Esta mañana
estaba muy cansado. Afortunadamente, Ceci
decidió prepararles el desayuno a los niños y llevarlos al cole; si me hubiese
sugerido que yo lo hiciera, lo hubiese hecho, porque ahora, después de haber atendido la casa solo durante dos semanas, ando derechito
como una vela. De todas formas, yo
aproveché su generosidad, vine a mi oficinita y me puse a trabajar en algunas
cosillas. Mis dos hijos se quedaron en
la cocina y luego se prepararon para irse para la escuela con Ceci. Yo escuchaba el revolú de esos minutos antes
de marcharse, que ya se ha convertido en un ritual mañanero. Que si la lonchera, que si el agua, que si la
asignación, que si la ropa del gimnasio, que si déjame peinarme, que si la
camisa está estrujada, en fin, lo de todas las mañanas. De repente, Ciro Manasés entra a mi cuarto, mochila
a cuesta, se me acerca, me da un abrazo, un beso, y me pregunta cómo me fue en
el Seminario. Yo reciproqué todos los
gestos de afecto y le dije: “¡me fue muy bien!”
Entonces le dije: “Oye, ¿dónde está Álvaro? No le he visto la cara hoy. No ha venido ni a darme los buenos días.” Se lo dije en un tonito sutil de queja, que
más bien era un leve lamento, que una queja formal.
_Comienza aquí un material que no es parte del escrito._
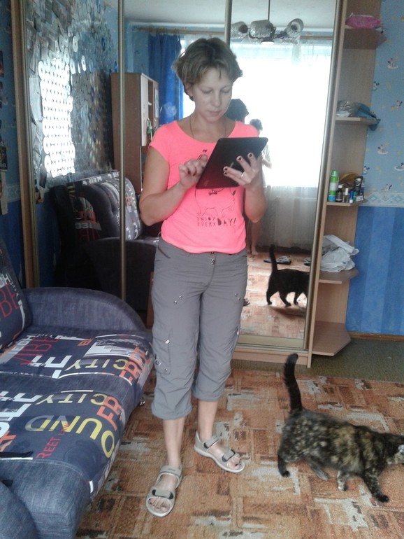 Вто такая я сегодня в 9 утра. Сфотографировала себя на планшет, стою фотку выбираю, в это время доча меня сфоткала и я выбрала её работу))) На футболке позитивная надпись

Él salió de la habitación y al cabo de 30
segundos entró Álvaro con la mochila puesta, se tiró encima de mí para darme un
abrazo muy, pero muy cariñoso, y dándome los buenos días, me dijo: “Perdona
papi.” “No pasa nada”, le contesté. Y mientras yo disfrutaba el momento, Ciro
Manasés se asomó al cuarto -- Álvaro no lo veía porque tenía su rostro en
dirección opuesta -- y mirándome, me hizo una guiñada y levantó el dedo pulgar
de su mano derecha, en señal de que todo salió bien. Como un pavo real, me hinché de orgullo por
la conducta de mis hijos.
Después que
se fueron mis hijos, me puse a meditar.
Al pensar bien sobre el incidente, luego de unos minutos de
introspección, pude entender que mi alegría no tenía mucho que ver con los
buenos días de Álvaro, ni con su buena actitud de amor y humildad. Al analizar la situación, comprendí que el
sentido de bienestar que estaba experimentando se debía más bien a la reacción
de unidad de ambos sin aprovechar la situación para sacar ventaja procurando un
afecto especial ni reprochándose el uno al otro. Ciro Manasés actuó bien al proteger a su
hermano de un malentendido y Álvaro actuó correctamente al venir donde mí y expresar
sentimientos de amor con humildad, lo cual me derritió y eliminó cualquier
vestigio de reproche que pudiese haber habido en mí. El gesto de Ciro Manasés con el dedo pulgar
me hizo entender, por su efecto positivo en mí, que Dios verdaderamente se
agrada de la unidad de sus hijos y prefiere que pasemos por alto los errores y
busquemos la armonía como una familia que somos, en Cristo Jesús.